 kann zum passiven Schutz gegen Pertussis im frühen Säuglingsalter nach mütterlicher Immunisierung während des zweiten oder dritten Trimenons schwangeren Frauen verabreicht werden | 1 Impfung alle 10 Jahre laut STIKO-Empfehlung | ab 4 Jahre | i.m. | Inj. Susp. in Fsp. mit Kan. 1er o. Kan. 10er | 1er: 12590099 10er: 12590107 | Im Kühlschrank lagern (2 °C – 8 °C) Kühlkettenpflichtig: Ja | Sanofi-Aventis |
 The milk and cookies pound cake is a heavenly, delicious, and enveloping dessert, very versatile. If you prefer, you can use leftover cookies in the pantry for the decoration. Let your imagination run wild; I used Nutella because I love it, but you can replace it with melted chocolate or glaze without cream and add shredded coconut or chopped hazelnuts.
▬▬▬
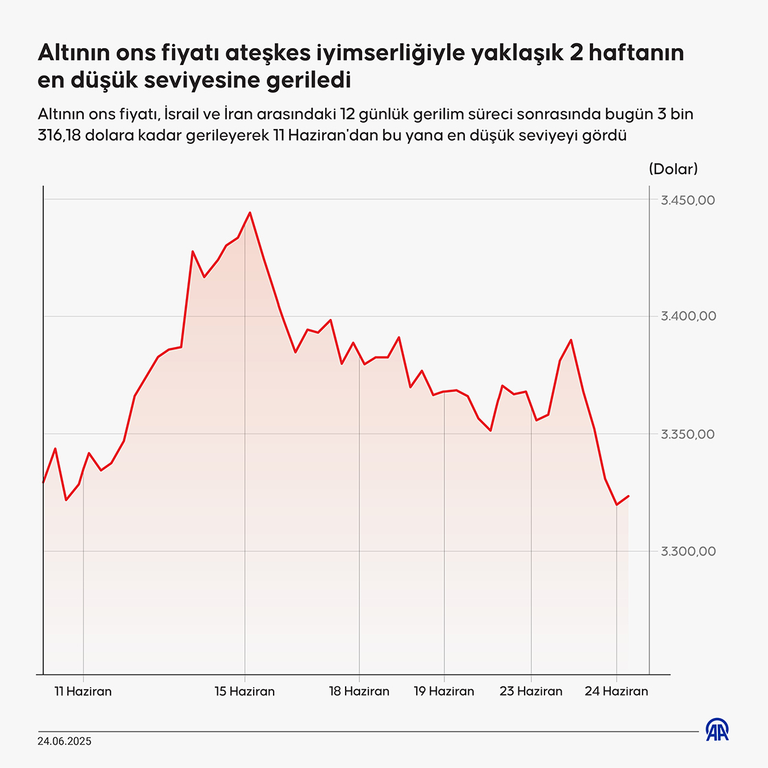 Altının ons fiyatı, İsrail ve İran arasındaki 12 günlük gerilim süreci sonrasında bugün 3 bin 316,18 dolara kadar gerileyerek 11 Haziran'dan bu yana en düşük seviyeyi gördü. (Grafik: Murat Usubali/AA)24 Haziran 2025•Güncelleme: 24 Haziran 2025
▬▬▬
Take the line above containing "kann zum passiven", the line containing "The milk and", and all lines in between, and copy them exactly without anything else.

 kann zum passiven Schutz gegen Pertussis im frühen Säuglingsalter nach mütterlicher Immunisierung während des zweiten oder dritten Trimenons schwangeren Frauen verabreicht werden | 1 Impfung alle 10 Jahre laut STIKO-Empfehlung | ab 4 Jahre | i.m. | Inj. Susp. in Fsp. mit Kan. 1er o. Kan. 10er | 1er: 12590099 10er: 12590107 | Im Kühlschrank lagern (2 °C – 8 °C) Kühlkettenpflichtig: Ja | Sanofi-Aventis |
 The milk and cookies pound cake is a heavenly, delicious, and enveloping dessert, very versatile. If you prefer, you can use leftover cookies in the pantry for the decoration. Let your imagination run wild; I used Nutella because I love it, but you can replace it with melted chocolate or glaze without cream and add shredded coconut or chopped hazelnuts.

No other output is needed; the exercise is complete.